If the company is designing an energy efficient building that incorporates daylighting—minimizing the need for electrical lighting by incorporating natural light—AI can help calculate what percentage of the outer wall should be windows.
“We’re heading to a time where we can talk to our design software and ask what percentage of my design is glazing,” Danberg notes.
Lin says the tools are not far off—currently, an architect needs to add in parameters and get a response from AI; soon, AI will be able to generate what parameters are needed to make that calculation on its own.

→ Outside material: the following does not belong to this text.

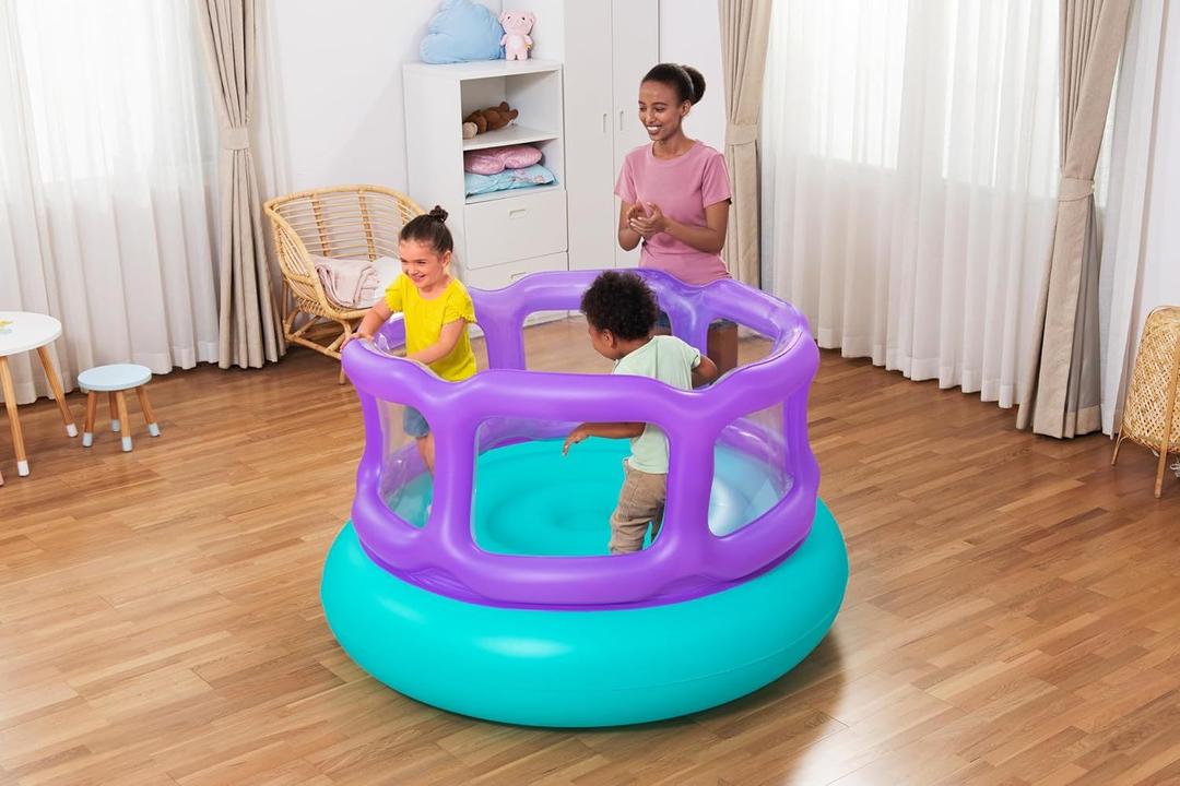 اللعبة مصممة على شكل مسبح دائري مع جدران منفوخة، تخلي عيالك ينطّون ويضحكون بأمان، وتمنحهم مساحة يلعبون فيها براحتهم بدون لا تحاتي.

However, skepticism about reliability of data remains. In the “daylighting” example, is AI equipped to understand how little daylight Alaska receives in the winter and incorporate that into the calculation, for example?
“There are so many unique things for designing here, and AI needs to build for that,” Popiel notes.

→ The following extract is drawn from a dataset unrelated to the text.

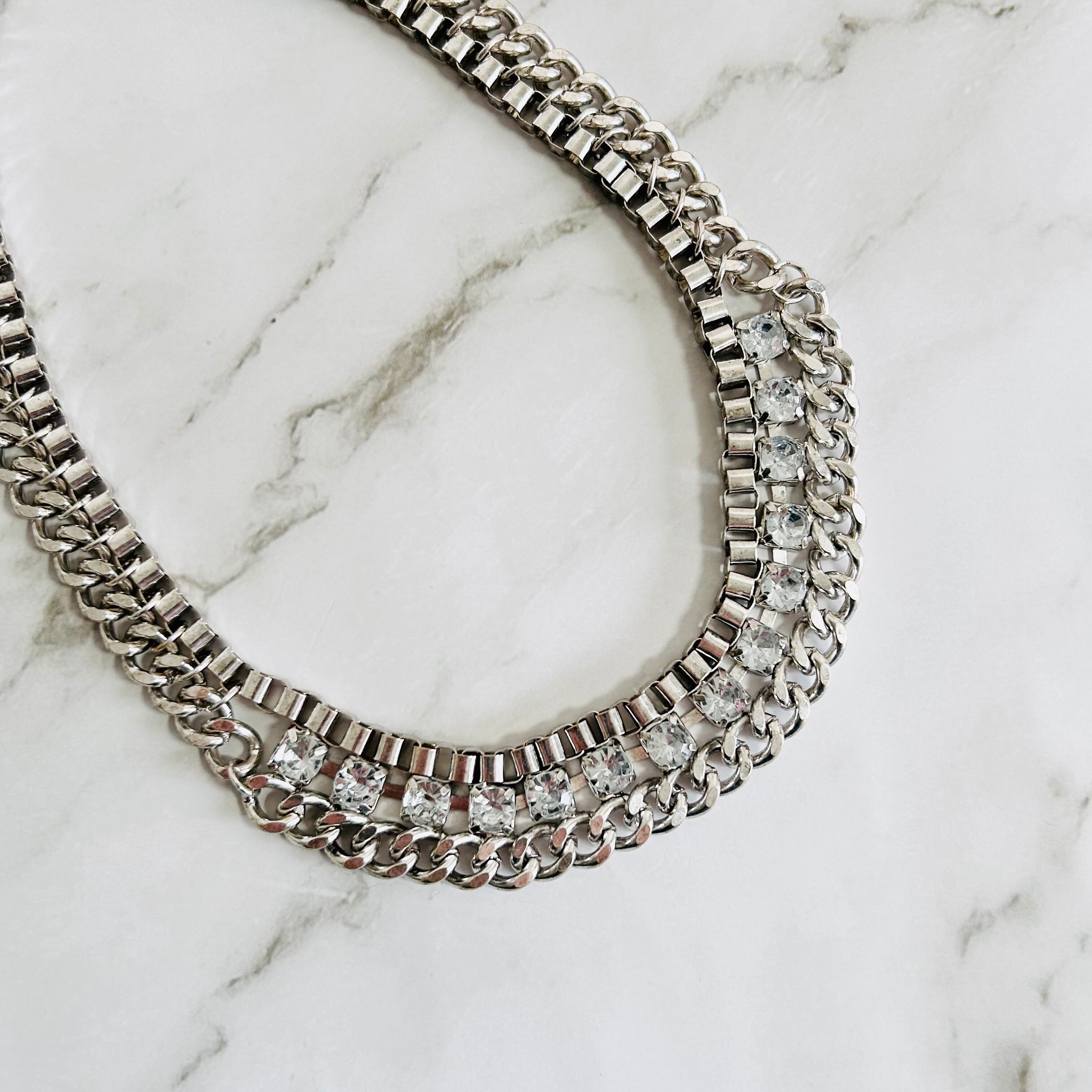 異なる表情のチェーンを組み合わせることで、奥行きと立体感のある仕上がりになっています。

“Alaska is not just Alaska,” adds Lin. “There’s Fairbanks, Anchorage, Southeast… There isn’t just one design. Alaska is pretty unique; we have very different regions.”
Bettisworth North

“It feels like the majority of AI influence is around the edges; find a specific data set you can put pretty good parameters around,” notes Popiel.
But the tools are advancing, Danberg says. Seemingly every new or updated software program is incorporating AI into its design to create a dialog between user and software.
“The big shift, fundamentally, with AI is, across the board, it’s going to revolutionize people’s relationship with software,” Danberg says. “You don’t have to learn to use the tools within a software program; you just need to learn how to talk to the software. We’re not there yet, but there is really some amazing data coming out.”
Bettisworth North, like many other architecture and engineering firms, is actively studying AI to find ways to use the technology to improve efficiency, customer relations, and to perform better as a whole. Employees there have discussed how to engage with and grow AI use, Popiel says. Marketing and Proposal Manager Sue Gillespie says more than three-quarters of the Bettisworth North staff have participated in some sort of AI training, whether at conferences and seminars or elsewhere.
“It’s a firm-wide focus; everybody is kind of excited about it, everyone is intrigued by it,” Gillespie says.
Popiel adds, “AI is here; you have almost a responsibility to understand the impact and engage with it, it’s such a fundamental change.”